Auhmad Robinson

Personal information
- Born: June 4, 2001 (age 25)

Sport
- Sport: Athletics
- Event: Sprint

Achievements and titles
- Personal bests: 400m: 44.61 (Gainesville, 2025) Indoor 200m: 20.57 (College Station, 2025) 300m: 32.34 (College Station, 2025) 400m: 44.91 (Boston, 2024)

= Auhmad Robinson =

American sprinter (born 2001)

Auhmad Robinson (born 4 June 2001) is an American sprinter who primarily competes over 400 metres.

==Biography==
Robinson attended Klein Forest High School in Texas. In 2019, Klein Forest won the Class 6A Men's Track & Field Team State Championship. At the AAU Junior Olympic Games in 2020, Robinson finished second in the boys 17-18 division of the 200m to Robert Gregory, with a wind legal time of 20.91 seconds, and secured a win over 400 metres in a time of 47.00 seconds. He later attended Stephen F. Austin State University, before transferring to Texas A&M University after a year.

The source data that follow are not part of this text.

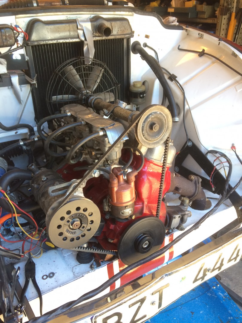en större remskiva till generator/vattenpumpen tillverkas.
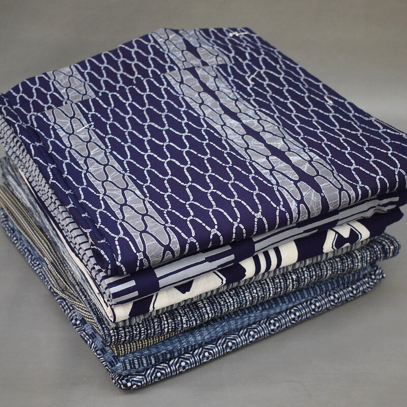 - B20-4【凛々】中古品 本染 男物 ゆかた 8点組 まとめ売り ★着用 リメイク材料にも
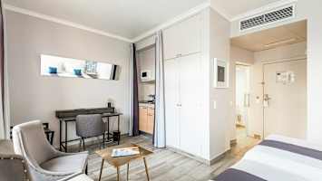 Ved stor efterspørgsel kan der forekomme andre værelses-/lejlighedstyper til salg end dem, der vises under fanebladet ”Sådan bor du”. Dette giver os mulighed for at tilbyde endnu flere værelser/lejligheder på hotellet.
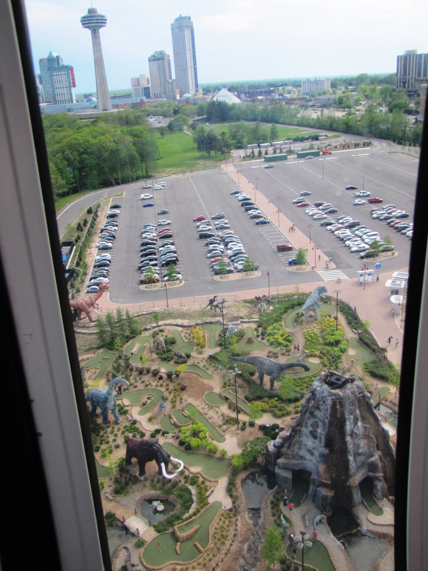 We had purchased Clifton Hill Fun Passes in advance (online purchases get you a bonus ride on the Skywheel) which grant admission to 5 attractions plus five tokens for the arcade. Given the choice of Wizards’ or Dinosaur Gold, we made the decision to go prehistoric and mostly enjoyed our 18 holes of miniature golf (the group behind us could have used
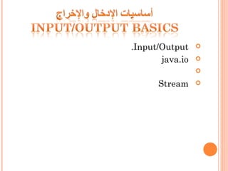 The document discusses Java input/output (I/O) streams. It covers character streams like Reader and Writer, byte streams like InputStream and OutputStream, and file I/O using FileInputStream, FileOutputStream, and RandomAccessFile. Example code is provided to demonstrate reading input from the console, writing to and reading from files, and using seek and getFilePointer methods of RandomAccessFile.

Robinson ran 44.91 seconds for the 400 metres on 9 March 2024 in Boston, as he finished runner-up to Christopher Morales Williams at the 2024 NCAA Indoor Championships. It proved to be the second fastest short track 400 metres time recorded worldwide in 2024. The following month, he ran 44.98 seconds for the 400 metres outdoors at the Tom Jones Memorial in Gainesville, Florida, again finishing runner-up to Morales Williams. In June, he ran the anchor leg as Texas A&M won the 4 x 400 metres relay at the 2024 NCAA Outdoor Championships, although he was disqualified from the final of the individual 400 metres race.

Running a time of 32.34 seconds, Robinson broke the Texas A&M school record for the 300 metres at the McFerrin-12 Degree Invitational in January 2025, a time which placed him third on the NCAA all-time list. Robinson placed third over 400 metres at the 2025 NCAA Indoor Championships in 45.54s, behind Will Floyd and Ezekiel Nathaniel. In April 2025, Robinson lowered his personal best to 44.61 seconds for the 400 metres at the Florida Relays in Gainesville. Robinson was a finalist in the individual 400 metres and secured a second place finish running the anchor leg of the 4 x 400 metres relay, as Texas A&M shared the 2025 NCAA Outdoor Championship overall title with the University of Southern California.